Goal of the exercise:
Nothing but the lines from the first line of the entries through the line with "Hoekbank Morandi van" should appear in the answer, transcribed exactly and free of pictures.

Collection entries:

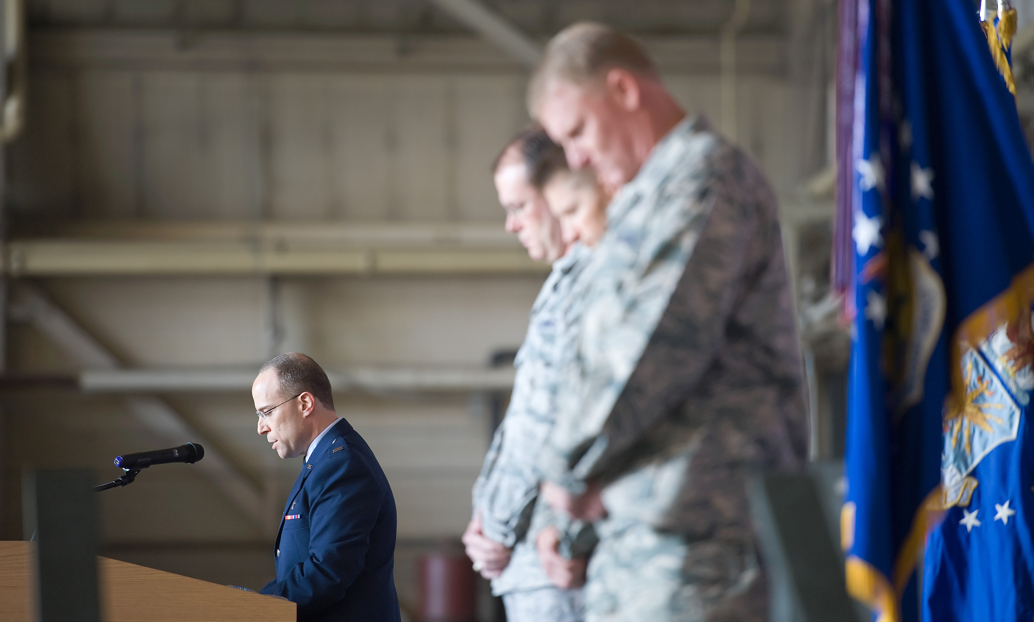 Captain Louis A. Mattina, a Chaplain with the 436th Airlift Wing gives the invocation while senior leaders from the 436th AW, the outgoing commander (middle) and incoming commander of the of the 436th Maintenance Group bow their heads during the Change of Command ceremony on June 20th, 2013 at Dover Air Force Base, Del. Col. Thomas J. Kauth relinquised command to Col. Charles S. Nesemeier in a ceremony officiated by Col. Richard Moore. (U.S. Air Force photo/Greg L. Davis)
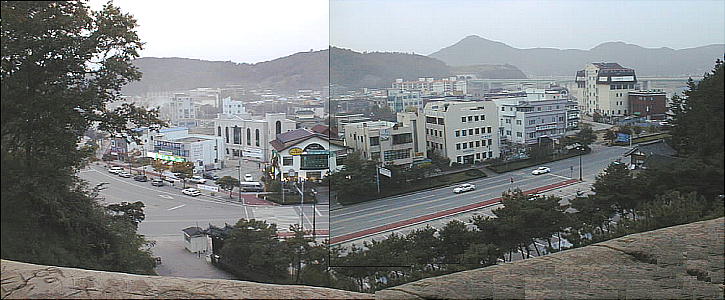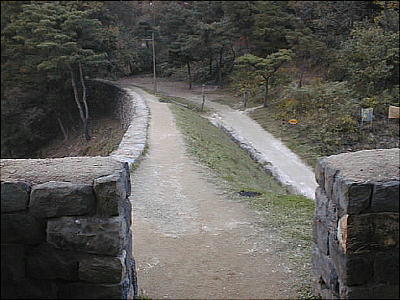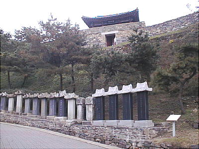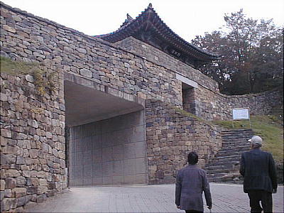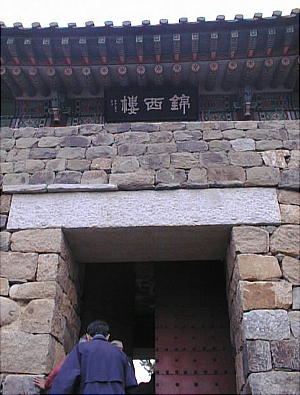 公山城址へ上る。ちょっとした山を一登りして城壁の門をくぐる。もとは土累だった城壁は李王朝時代に石累に改築された。頂上の
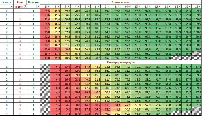 Пытался вывести формулы значений вероятностей для 3 аутов и более, может кто-нибудь тоже пытался?) Помогите пожалуйста
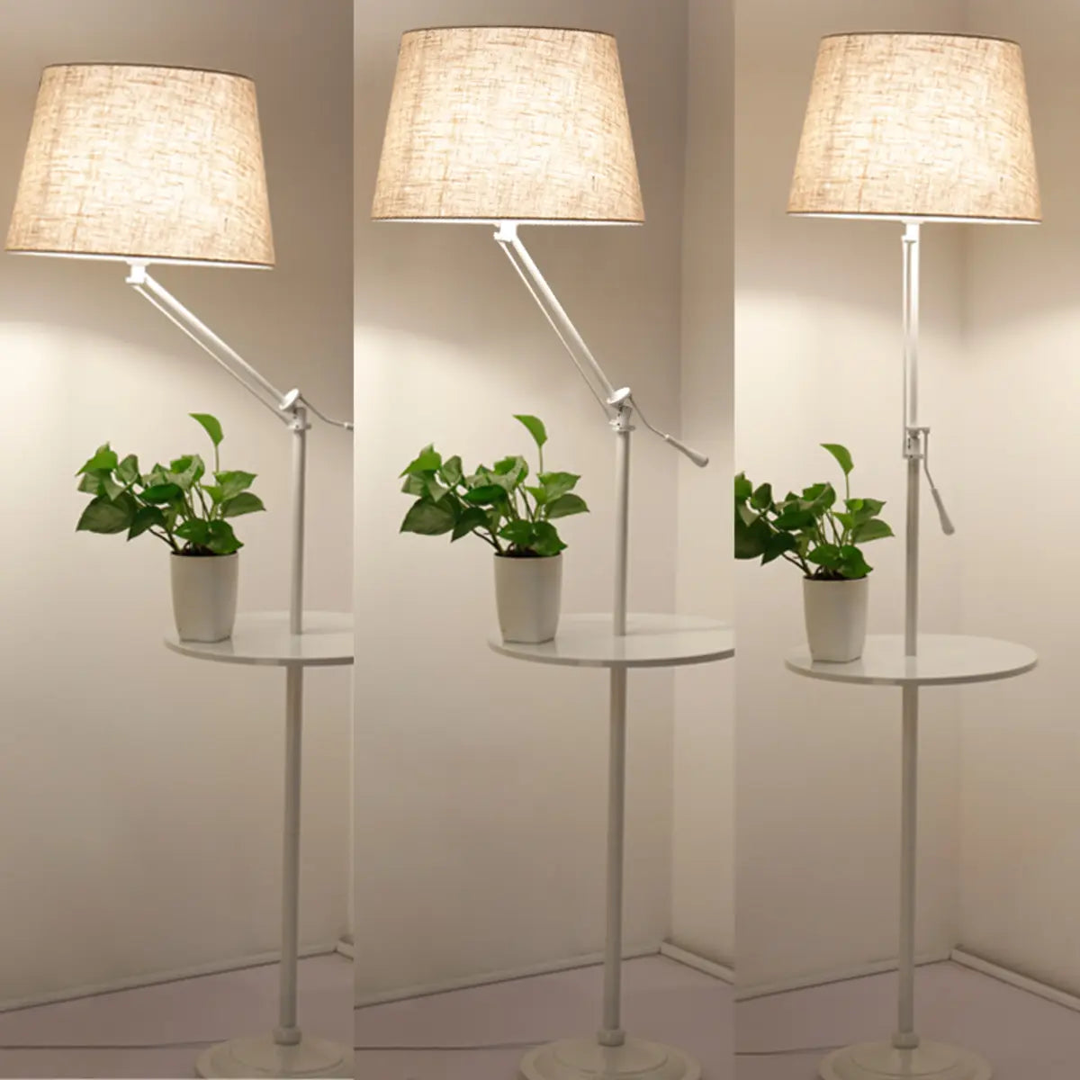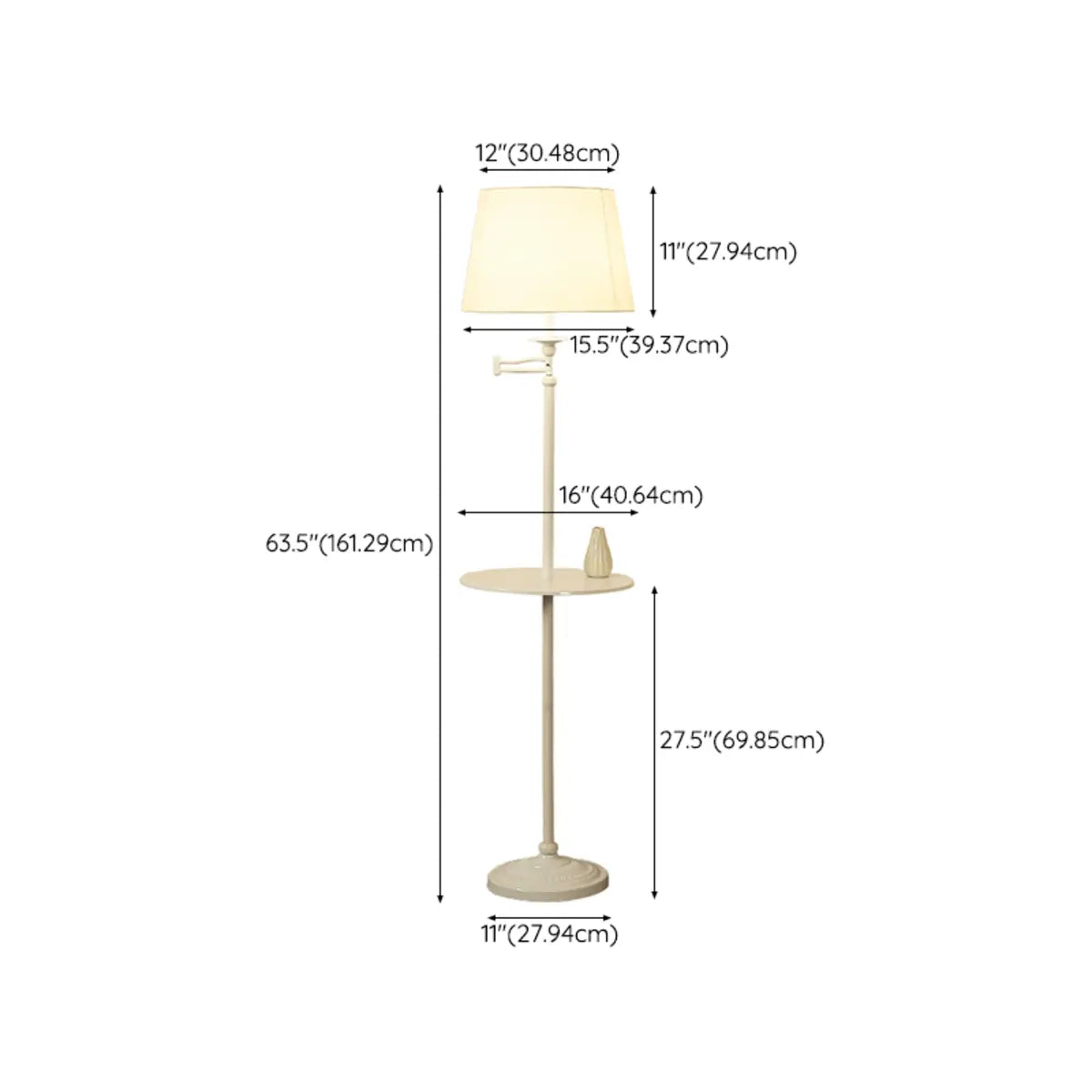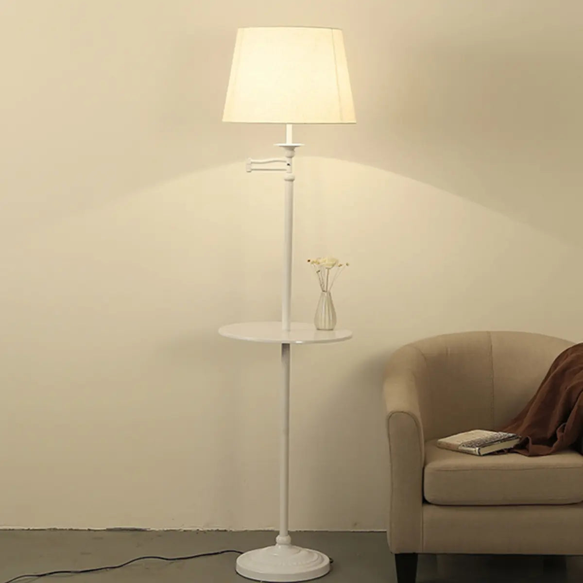 ZOWALA - White Fabric Swing Arm Floor Lamp with Side Table
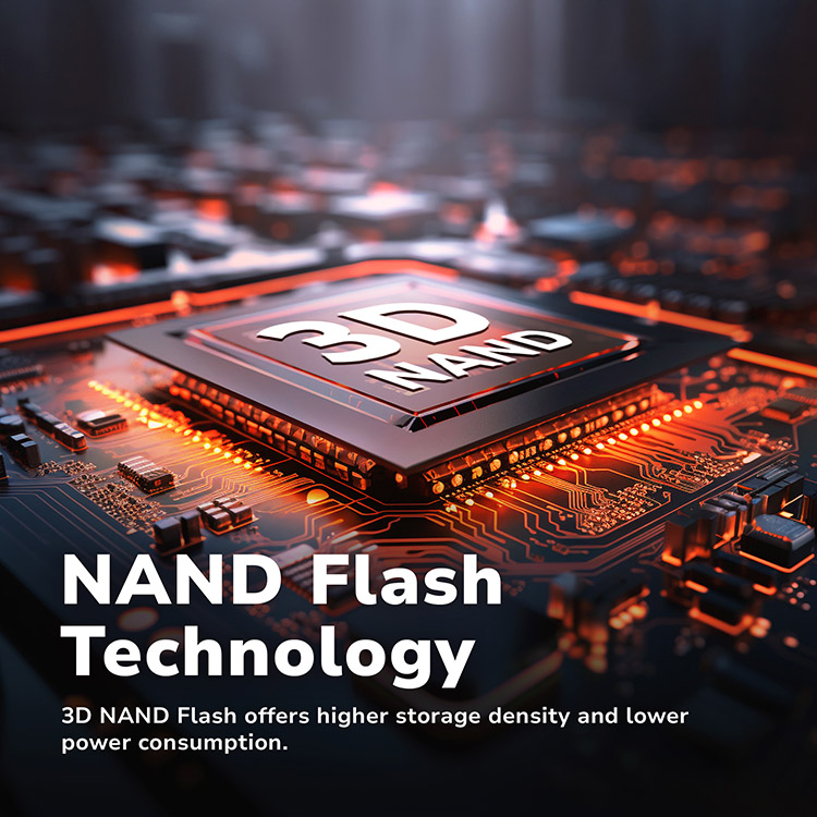 NAND Flash technology offers higher storage density, lower cost, and lower power consumption.
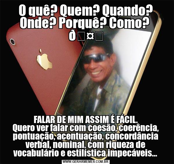 O quê? Quem? Quando? Onde? Porquê? Como? FALAR DE MIM ASSIM É FÁCIL. Quero ver falar com coesão, coerência, pontuação, acentuação, concordância verbal, nominal, com riqueza de vocabulário e estilística impecáveis...
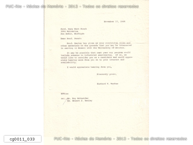 Correspondência do prof. Richard V. Weekes para o prof. Gary Kent Poock (Michigan University), com cópia para o prof. Ruy Schneider (IND) e para Ernst J. Henley. |
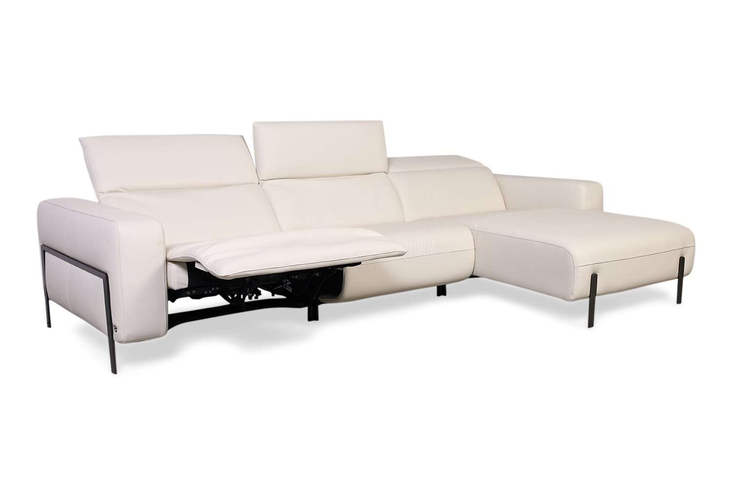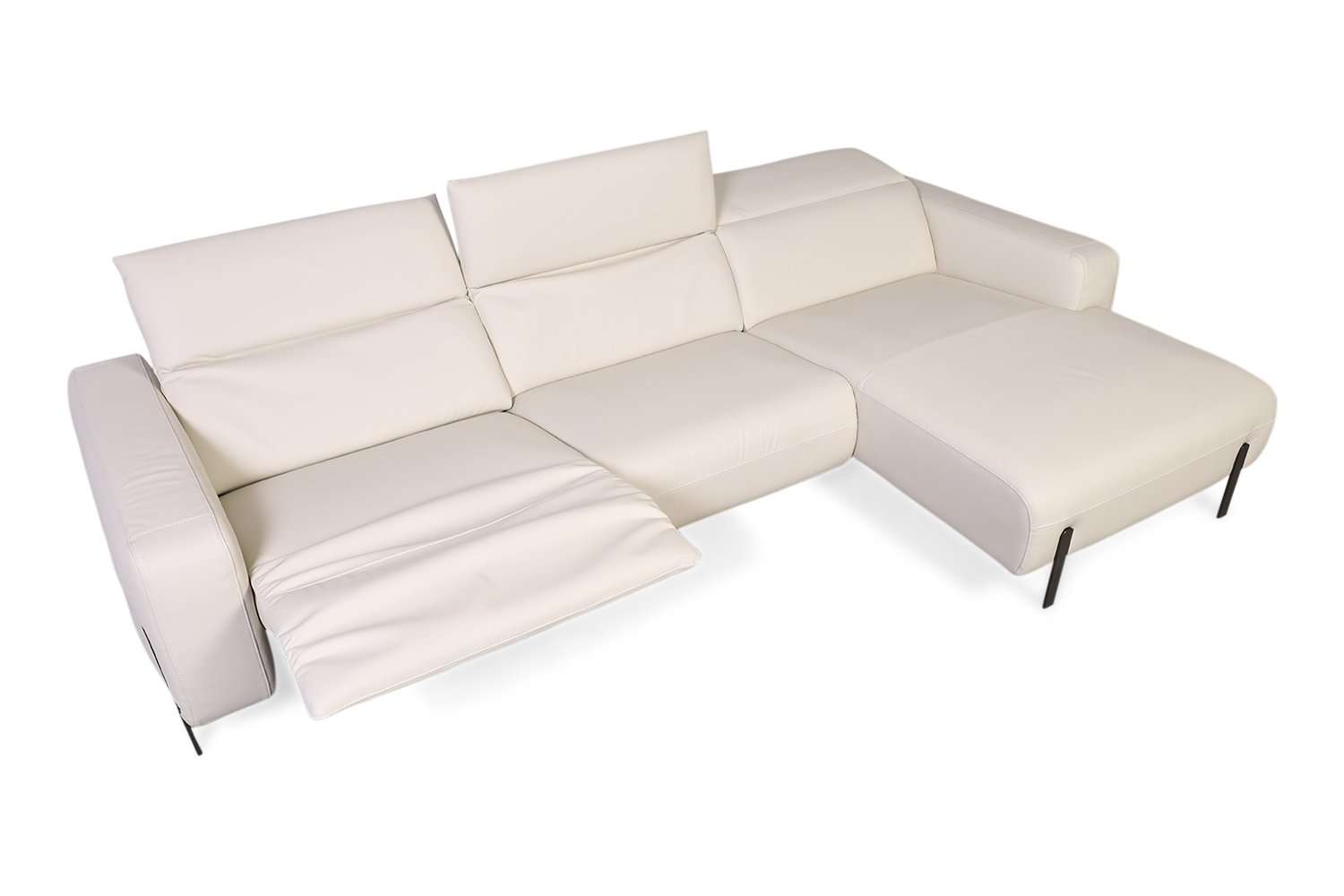 Hoekbank Morandi van Gorini electrsich verstelbaar bestaande uit een element large arm links en een relax large poef links / leder Cat E col 851 De getoonde afbeeldingen zijn de werkelijke weergave van het product.
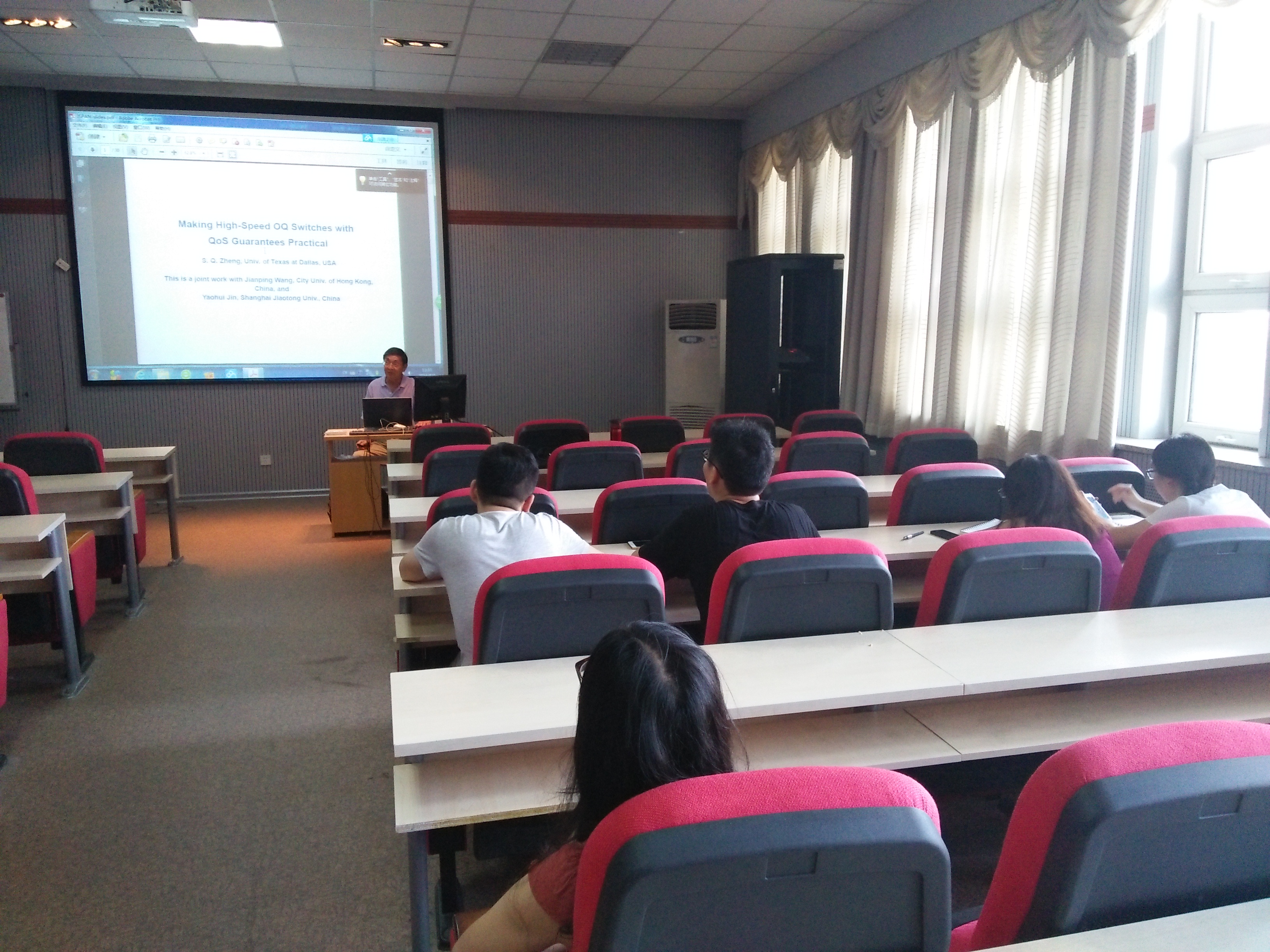 2016年8月4日下午13:30, 美国德州大学达拉斯分校终身教授、唐敖庆讲座教授郑斯清教授在sunbet申搏官方网站A521报告厅为计算机学院和软件学院的青年教师和研究生做了题为“Making High-Speed OQ Switches with QoS Guarantees Feasible”的学术讲座。该讲座的主要内容源于近期郑斯清教授与香港城市大学、上海交通大学合作研究的学术成果 – 构建易实现的高速输出排队交换结构。郑斯清教授同时在报告中讲解了研究和开发高速和可扩展交换结构的技术难点,以及介绍了该方面近十年的研究进展。整个讲座大约持续3个小时,分为两个阶段,主讲阶段约进行2个小时。主讲结束后,郑斯清老师解答了同学们提出的该方面的相关问题,同时,和同学们讨论了学术研究过程中寻找课题、研究方法等。

Result of the task:
 Captain Louis A. Mattina, a Chaplain with the 436th Airlift Wing gives the invocation while senior leaders from the 436th AW, the outgoing commander (middle) and incoming commander of the of the 436th Maintenance Group bow their heads during the Change of Command ceremony on June 20th, 2013 at Dover Air Force Base, Del. Col. Thomas J. Kauth relinquised command to Col. Charles S. Nesemeier in a ceremony officiated by Col. Richard Moore. (U.S. Air Force photo/Greg L. Davis)
 公山城址へ上る。ちょっとした山を一登りして城壁の門をくぐる。もとは土累だった城壁は李王朝時代に石累に改築された。頂上の
 Пытался вывести формулы значений вероятностей для 3 аутов и более, может кто-нибудь тоже пытался?) Помогите пожалуйста
 ZOWALA - White Fabric Swing Arm Floor Lamp with Side Table
 NAND Flash technology offers higher storage density, lower cost, and lower power consumption.
 O quê? Quem? Quando? Onde? Porquê? Como? FALAR DE MIM ASSIM É FÁCIL. Quero ver falar com coesão, coerência, pontuação, acentuação, concordância verbal, nominal, com riqueza de vocabulário e estilística impecáveis...
 Correspondência do prof. Richard V. Weekes para o prof. Gary Kent Poock (Michigan University), com cópia para o prof. Ruy Schneider (IND) e para Ernst J. Henley. |
 Hoekbank Morandi van Gorini electrsich verstelbaar bestaande uit een element large arm links en een relax large poef links / leder Cat E col 851 De getoonde afbeeldingen zijn de werkelijke weergave van het product.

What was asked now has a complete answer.